Subject: Re: Hal's new white paper
From: Russell McOrmond <>
Date: Sun, 28 Mar 2004 16:41:14 -0500 (EST)

On Sun, 28 Mar 2004, Laurent GUERBY wrote:

> The opposite of free software is proprietary software.

  Want to add something else to the "language sucks" category along with
the multiple meanings of the word "free"?

  When you move from the software world to the world of lawyers, I'm often
told that the word proprietary is going to focus on whether there are
owners, not how they exercise their ownership rights.  In this case the
opposite of proprietary software would be public domain software as any
software under copyright has owners.  While Public domain software is
often considered a special case of non-copyleft FLOSS, it isn't what we
intended to be considered the opposite of proprietary (although it is what 
Microsoft and SCO would love the world to believe ;-)

  I wrote about this a little while ago in an article: FLOSS is 
"proprietary software"

  I mention this as we need to be more careful as we cross disciplines and 
speak with lawyers about what we are doing.  I've watched the progression 
of a few law professors through this new field and notices the problems.

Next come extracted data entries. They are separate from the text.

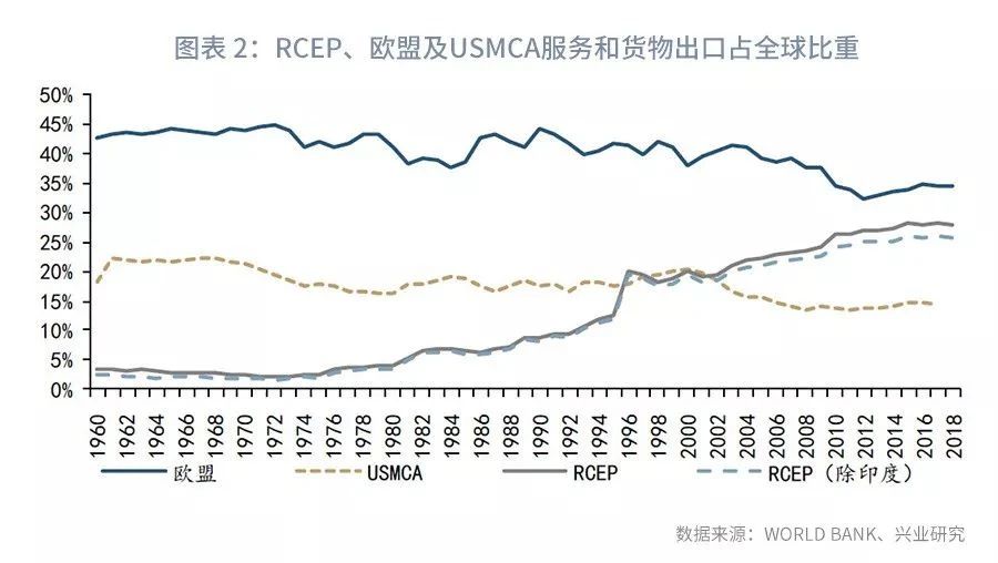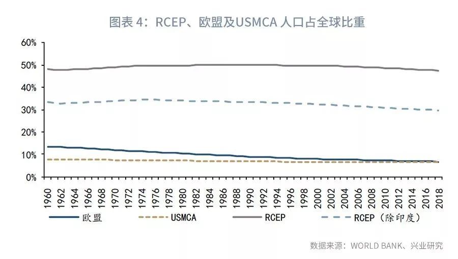 RCEP的签订意味着全球最大自贸区成立。与美加墨自由贸易区和欧盟自由贸易区相比,RCEP无论是在经济总量及人口总量,均为世界之最。
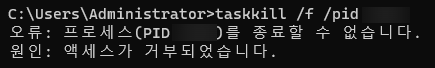 오류: 프로세스(PID 번호)를 종료할 수 없습니다.
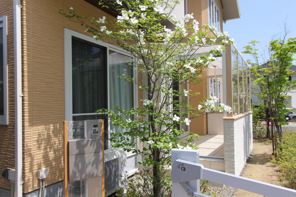 仙台市では、アオダモ、ハナミズキ、ヤマボウシなど季節感のある落葉樹が庭によく合います。腰壁の高さを植栽の高さと調整することで、庭全体に自然な落ち着きが生まれます。
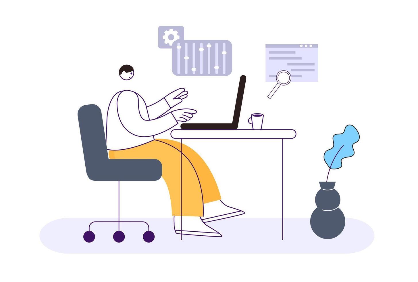 Programmer, software developer. Man sitting at desk with laptop and coding. Employee at work or freelancer Pro Vector
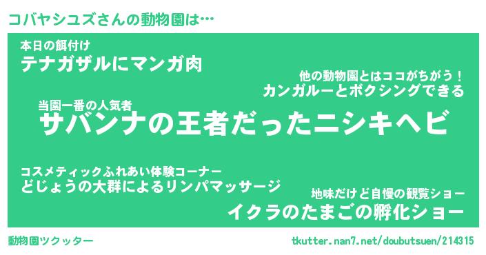 | 2回繰り返すあだ名 | 『コバコバ』『ココババ』『うずうず』 |
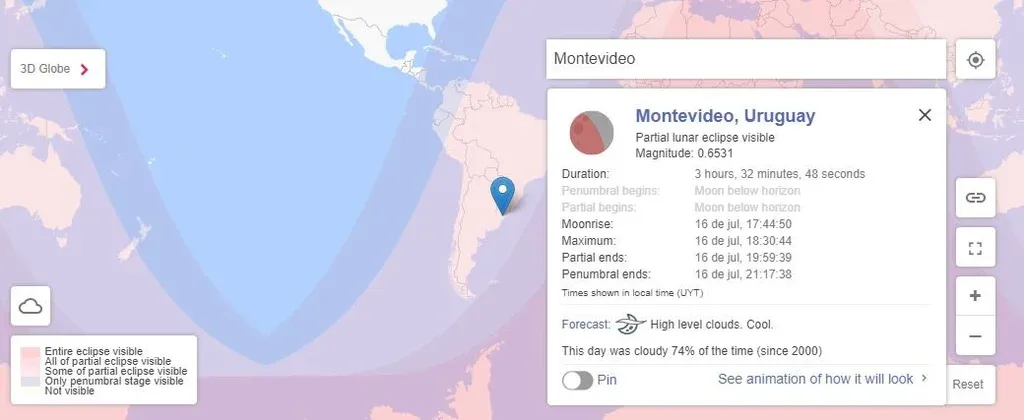 Para que todo lo anterior funcione hay que llegar con tiempo al lugar elegido (y seleccionarlo de antemano considerando ángulo y punto de vista). En este mapa interactivo se puede monitorear cómo será la trayectoria vista desde Uruguay. Según esta herramienta el eclipse se podrá ver durante tres horas y 32 minutos; la luna saldrá a las 17.44, el fenómeno alcanzará su punto máximo a las 18.30, terminará parcialmente a las 19.59 y definitivamente a las 21.17.
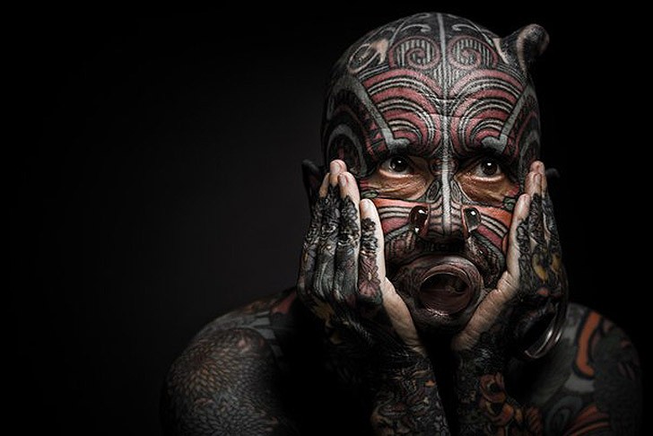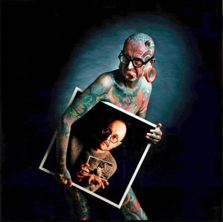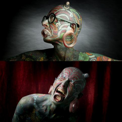 1974年獲得第一個紋身後,開啟了他的外貌改造工程,上圖為他和從前的自己合影。全身上下除了眼皮、手腳掌和肛門、生殖器周圍以外,都覆蓋了滿滿的紋身。在穿孔和植入物體的過程中,不乏細菌感染、出血不止等等令他痛苦不堪的事件,但為了達成理想外表,咬著牙就撐過來了。
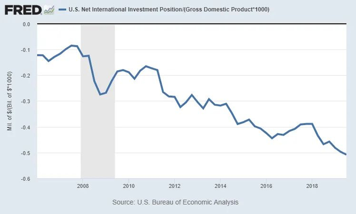 在2008年经济大衰退期间,我们的国际净资产额占美国国内生产总值的-10%,这是相当小的。自那以后,情况继续恶化,目前已超过GDP的-50%。我们是作为全球最大的债务国进入当下的衰退。我们从未进入过一场国际资产净头寸相对于GDP负比率如此之高的衰退。大萧条时期没有,09年的大衰退时期也没有。
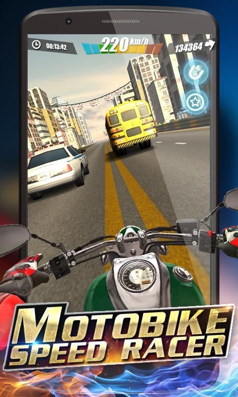Welcome to speed world. Never drive too fast in real world? Dare to challenge top moto racers? Now pick up the world class motos you have always wanted and steer into traffic roads, driving reckless and juiced as sparks fly. Enjoy with this super charged action packed and endless free arcade moto racing competition everywhere with your phone or tablet. Try to beat and overtake your rivals. You got the speed. Just show your fellows what real speed is.
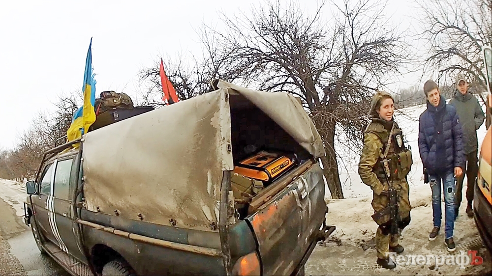 - 18 января рано утром погрузили автомобиль и поехали на базу. На границе Днепропетровской и Донецкой области мы встретили машину Правого сектора, которая ехала на передовую, и часть гуманитарной помощи отдали им. Приехав на базу, привезли помощь ребятам, которые после боев там отдыхают.
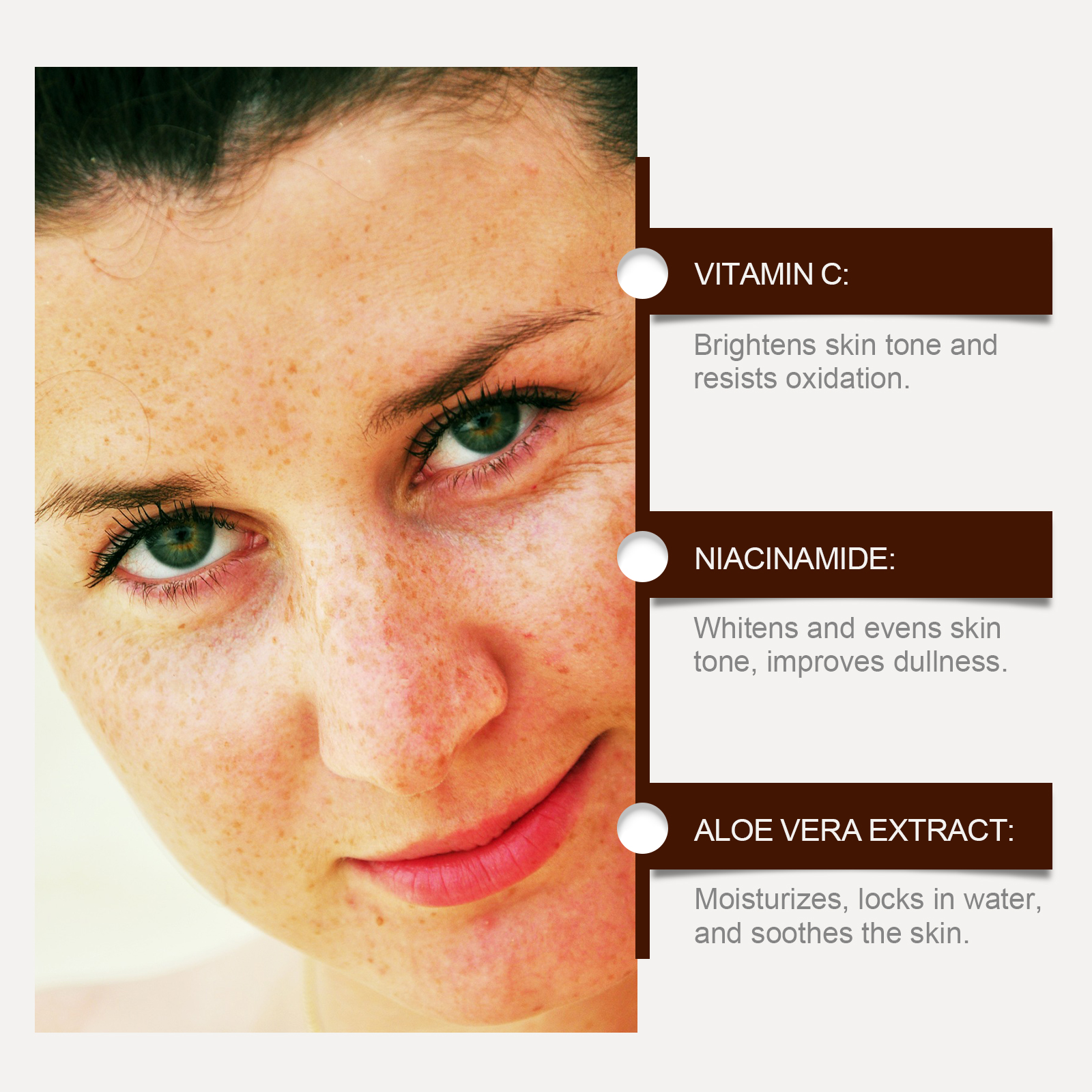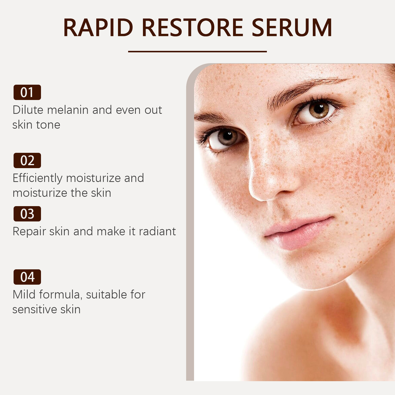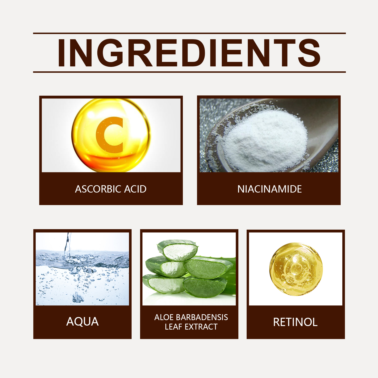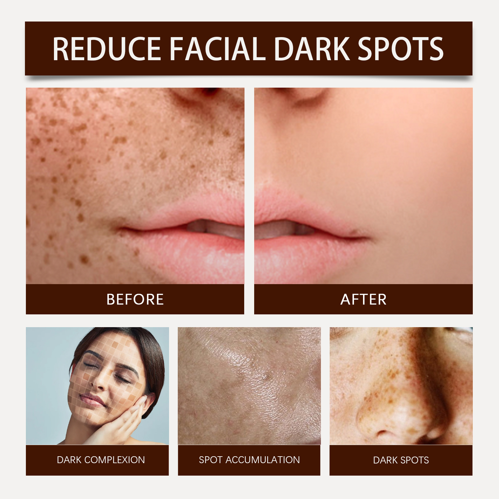 Our facial skin repair essence is carefully formulated with vitamin C, niacinamide and aloe vera extract. Designed specifically to effectively reduce melanin deposition and lighten skin tone. The usage method is extremely convenient: 1. Clean the skin and keep it dry. 2. Take an appropriate amount of the essence and apply it evenly to your face. 3. Massage in circular motions with your fingertips to enhance facial absorption. And it contains retinol, which can promote cell renewal and repair damaged skin.
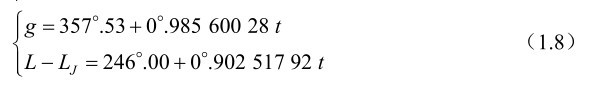 其中g是地球绕日运行轨道的平近点角,(L-L J )是太阳平黄经与木星平黄经之差,各由下式计算,即
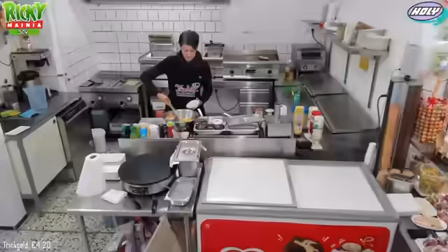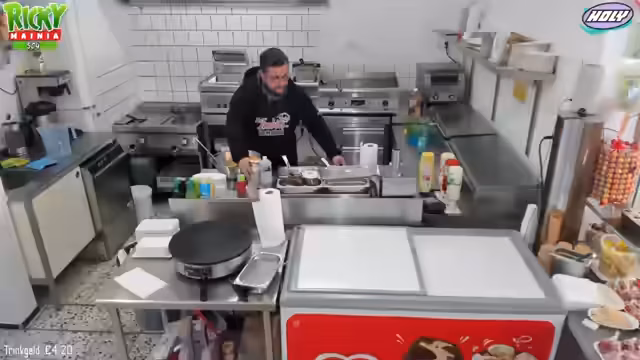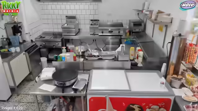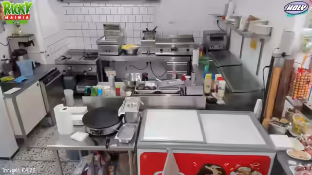 00:18:01Der Fokus liegt auf der Vorbereitung der Verkaufsgeräte. Beim Slush-Gerät wird versucht, das defekte Teil zu isolieren und mit Vaseline einzufetten, um die Laufeigenschaften zu verbessern. Parallel dazu wird der Teig für die Crepes angerührt. Dies geschieht nach einem spezifischen Rezept mit Milch, Eiern und Mehl. Wichtig ist hierbei, die Zutaten langsam unterrühren, um Klumpenbildung zu vermeiden. Die Zubereitung wird sorgfältig demonstriert.
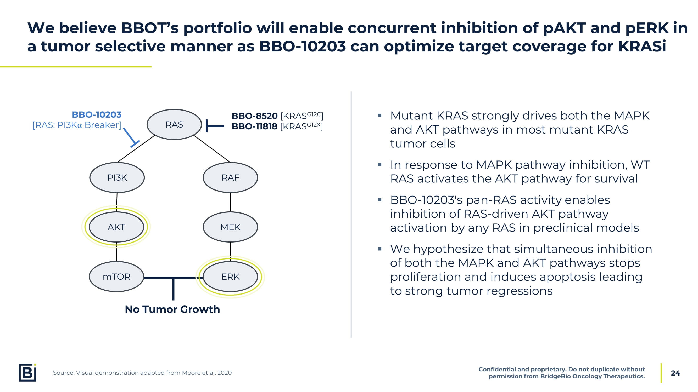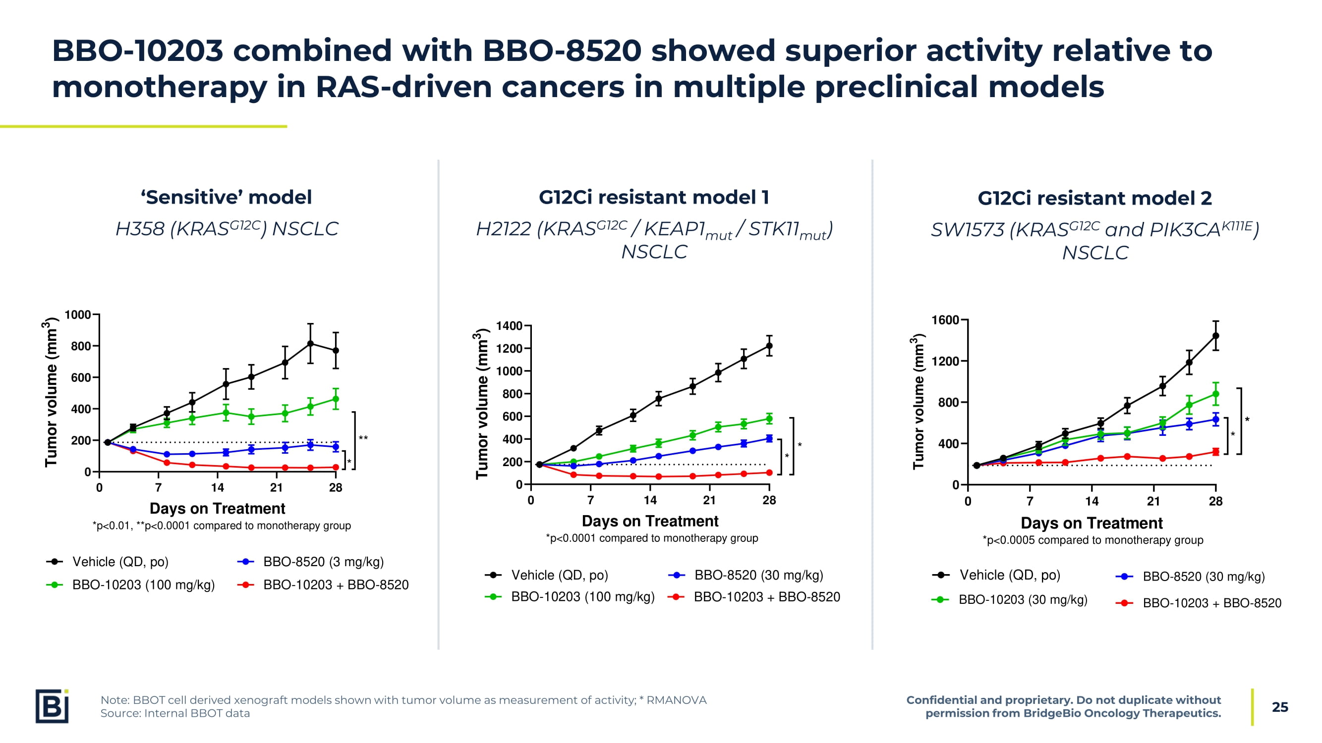 Note: Cell derived xenograft models shown with tumor volume as measurement of activity Source: Internal BBOT data We believe BBOT’s portfolio will enable concurrent inhibition of pAKT and pERK in a tumor selective manner as BBO - 10203 can optimize target coverage for KRASi ▪ Mutant KRAS strongly drives both the MAPK and AKT pathways in most mutant KRAS tumor cells ▪ In response to MAPK pathway inhibition, WT RAS activates the AKT pathway for survival ▪ BBO - 10203's pan - RAS activity enables inhibition of RAS - driven AKT pathway activation by any RAS in preclinical models ▪ We hypothesize that simultaneous inhibition of both the MAPK and AKT pathways stops proliferation and induces apoptosis leading to strong tumor regressions 24 BBO - 10203 [RAS: PI3K α Breaker] RAS PI3K AKT RAF MEK mTOR ERK No Tumor Growth BBO - 8520 [KRAS G12C ] BBO - 11818 [KRAS G12X ] Confidential and proprietary. Do not duplicate without permission from BridgeBio Oncology Therapeutics. Source: Visual demonstration adapted from Moore et al.
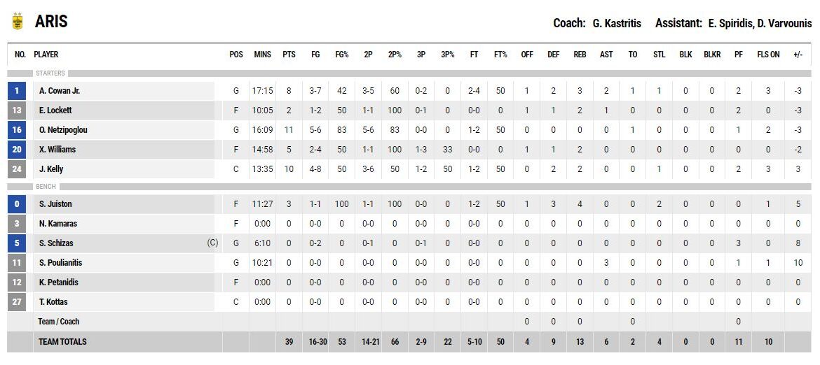 Το ημίχρονο ολοκληρώθηκε στο Παλέ και ο Άρης είναι μπροστά με 39-36. Πρώτοι σκόρερ από τους “κίτρινους” είναι οι Νετζήπογλου και Κέλι με 11 και 10 πόντους αντίστοιχα. Ο ΠΑΟΚ άρχισε με 5/8 τρίποντα και αυτό ήταν “πληγή” για τον Άρη, ο οποίος μετά “γύρισε” το ματς. Στο γήπεδο ακούστηκε και σύνθημα για τον Άλκη. “Αλκη ζωντανός για πάντα Αρειανός”, φώναζαν οι οπαδοί των “κιτρίνων”. Δείτε τα στατιστικά του πρώτου ημιχρόνου για τον Άρη.

A few common misconceptions:

  a) "Free Software" == "public domain"
  b) "Free Software" == "Copyleft", "Open Source" == "Non-copyleft"
  c) FLOSS == non-commercial, voluntary sector only.
  d) FLOSS == "non licensed" , when what they mean is "not monopoly rent 
     seeking" or "not royalty based".


  It takes a while, but it is great when you can have more lawyers on-side
to explain things to other lawyers in language they will understand.

 Russell McOrmond, Internet Consultant: <> 
 "Make it legal: don't litigate, use creative licensing" campaign.